Tables 4. Results of the Multivariate Analysis
| Measure | Barthel Index MRFS Efficacy ≥.25 | EMS MRFS Efficacy ≥.25 | ||||
|---|---|---|---|---|---|---|
| OR | CI | P | OR | CI | P | |
| LOS | 1.02 | 1.01–1.03 | .000 | 1.02 | 1.00–1.03 | .003 |
| Musculoskeletal disorder | 2.24 | 1.25–4.00 | .007 | 1.75 | 1.01–3.00 | .04 |
| C-MMSE | NA | NA | NA | 1.04 | 1.02–1.07 | .001 |
| BMI | NA | NA | NA | 1.05 | 1.01–1.09 | .006 |
| Urinary incontinence | NA | NA | NA | 0.69 | 0.48–0.98 | .04 |
Discussion
This study is one of the few studies involving the evaluation of a heterogeneous group of medical geriatric patients. It delineated the relationship between cognitive status and geriatric rehabilitation clearly.
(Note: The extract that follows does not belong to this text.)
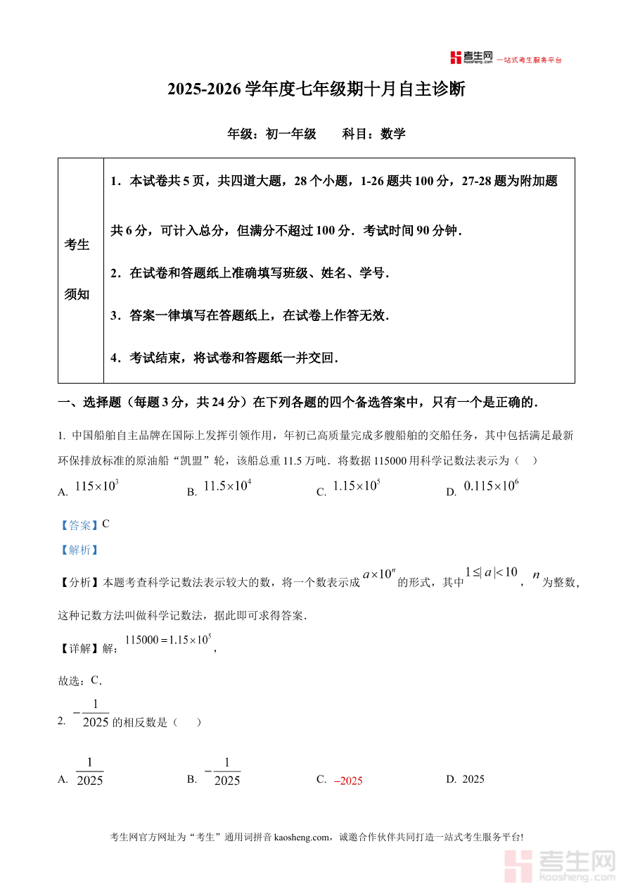 《精品解析:北京市陈经纶中学2025-2026学年七年级上学期数学期中自主诊断试卷(解析版)》是针对北京市陈经纶中学2025-2026学年七年级上学期数学学科期中阶段自主诊断考试的备考资料,紧密贴合校内该阶段的数学学习评估需求,为使用者提供与学校考试体系匹配的参考内容。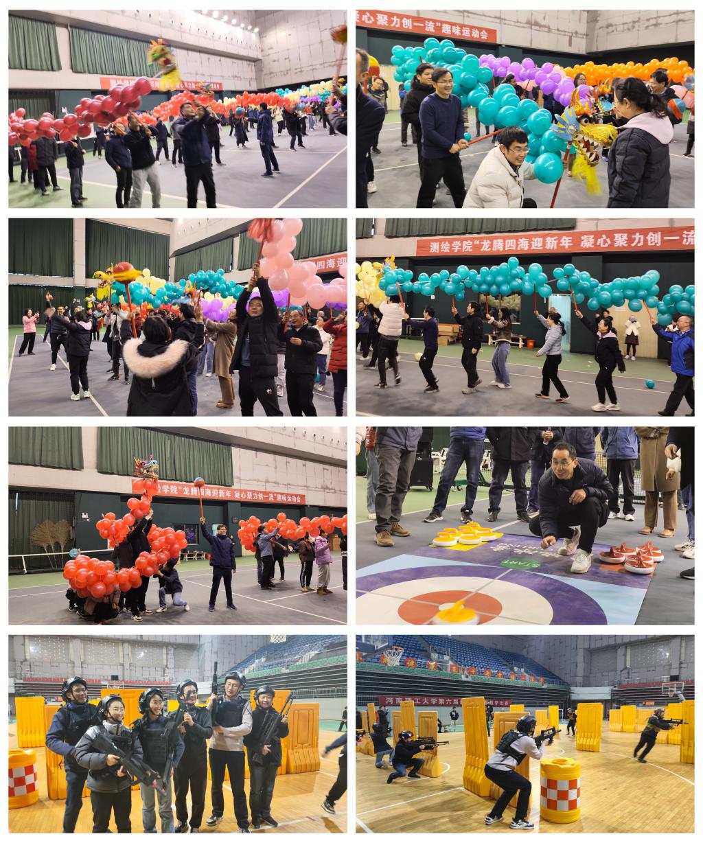 运动会上,学院全体教职工齐聚一堂,分为八个小组,各小组凝心聚力,协同并进,共襄盛举,展现了极高的团队和竞技精神。此次趣味运动会共举办三个活动:活动一“龙腾盛世”,教职工们以小组为单位,共同完成组龙、画龙、训龙、舞龙一系列趣味挑战,展现团队协作的力量;活动二“旱地冰壶”,教职工们在模拟冰壶比赛中体验冰雪运动的魅力,锻炼战略思维和协调能力;活动三“战火青春”,教职工们通过真人CS拓展训练,提升心理素质,凝聚团队精神。活动现场,笑声和欢呼声此起彼伏。教职工们通过一系列有趣的活动,不仅锻炼了身体,增进了友谊,还感受到了运动的快乐和团结的力量。

There was no difference in Barthel Index and EMS efficacy across the 3 C-MMSE groups. There was also no correlation between admission C-MMSE and Barthel Index and EMS efficacy. This seemed to suggest that admission cognitive function was not associated with rehabilitation success in older patients. Our finding was similar to previous reports performed by using absolute gain as outcome measures.15, 22, 23, 35, 36 However, it has been argued that absolute change of scores could lead to misinterpretation because of ceiling effects, and relative changes should be examined.23, 24, 25 MRFS is a commonly used method to look at relative gain, and it was used to deduce the relative Barthel Index and EMS efficacy and efficiency here.32, 33 In contrast to absolute gain, there was a significant difference in Barthel Index and EMS MRFS efficacy and efficiency across the 3 cognitive groups.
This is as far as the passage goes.